The murine IL-3 dependent 32D cell line was provided by Dr. J. Greenberger, University of Pittsburgh Medical School (Pittsburgh, PA). 32D cells were maintained in RPMI 1640 plus 15% heat-inactivated FBS and 15% conditioned medium from the murine myelomonocytic cell line WEHI-3B as a source of crude IL-3 (17). Purified IL-3 was a gift from Amgen, Inc. (Thousand Oaks, CA). Cells were cultured at 37°C in a 5% CO₂ atmosphere and were maintained at a cell density of 0.5 x 10⁶ cells/ml. Murine stem cell lines CCE and D3 were obtained from American Type Culture Collection (Rockville, MD) and cultured in DMEM supplemented with 10% FCS and 1000 U/ml of leukemia inhibitory factor (Life Technologies, Grand Island, NY).

Agar colony assays

Cultures of 32D cells were conducted as described by Metcalf (18). In brief, 300 cells were seeded in 35-mm petri dishes containing 1 ml of Iscove’s modified Dulbecco’s medium supplemented with 10% heat-inactivated FBS, 0.3% agar and IL-3, or 10% conditioned medium from the cell line WEHI-3B. Chemokines resuspended in PBS or an equal volume of PBS were added to the empty culture dish before addition of the cell suspension in agar medium. Colonies were scored on days 7 and 14 of culture.
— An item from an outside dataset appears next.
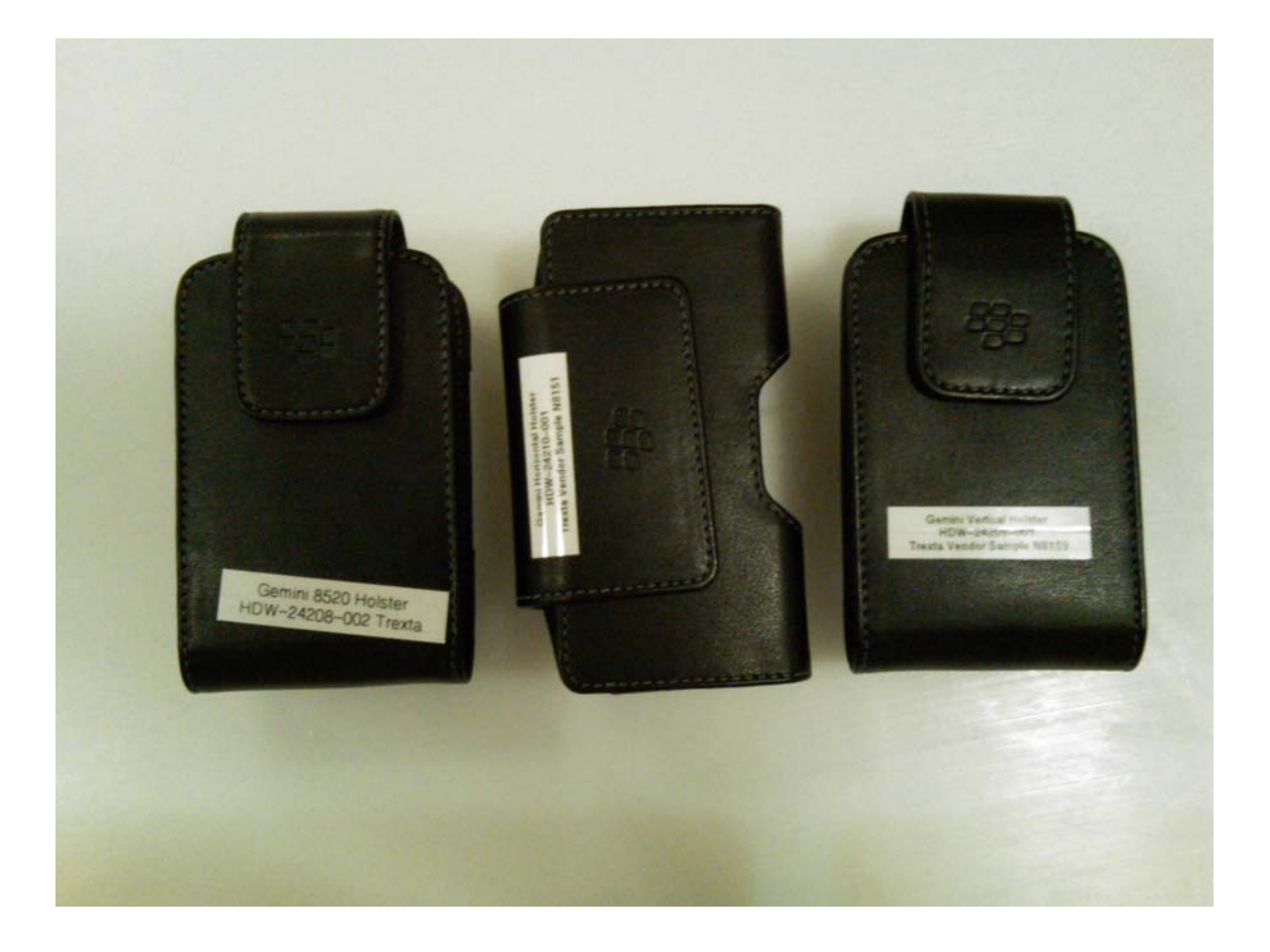
Figure E2. Body worn holsters – front

Intracellular calcium measurements

Exponentially growing 32D cells were harvested by centrifugation and resuspended in a solution containing 140 mM NaCl, 5 mM KCl, 1 mM MgCl₂, 1 mM CaCl₂, 1 mM NaHPO₄, 5 mM glucose, 20 mM HEPES (pH 7.4), 1 mg/ml BSA, and 1 mM probenecid. Cells (10⁷/ml) were loaded with 5 µM of the calcium-sensitive dye indo-1/AM for 1 h at room temperature as previously described (19). Intracellular calcium levels were monitored at 37°C with a spectrofluorometer (Perkin-Elmer 650–10S, Norwalk, CT) using an excitation wavelength of 330 nm and an emission wavelength of 405 nm.

Northern blot analysis

Total RNA extracted from 10⁷ cells using the Ultraspec RNA isolation system (Biotecx Laboratories, Houston, TX) was fractionated on 1% agarose-formaldehyde gels, blotted to nylon membranes, and cross-linked by brief exposure to UV irradiation. Membranes were hybridized to the murine CXCR2 cDNA labeled by the random priming procedure as described by the manufacturer (Pharmacia, Piscataway, NJ).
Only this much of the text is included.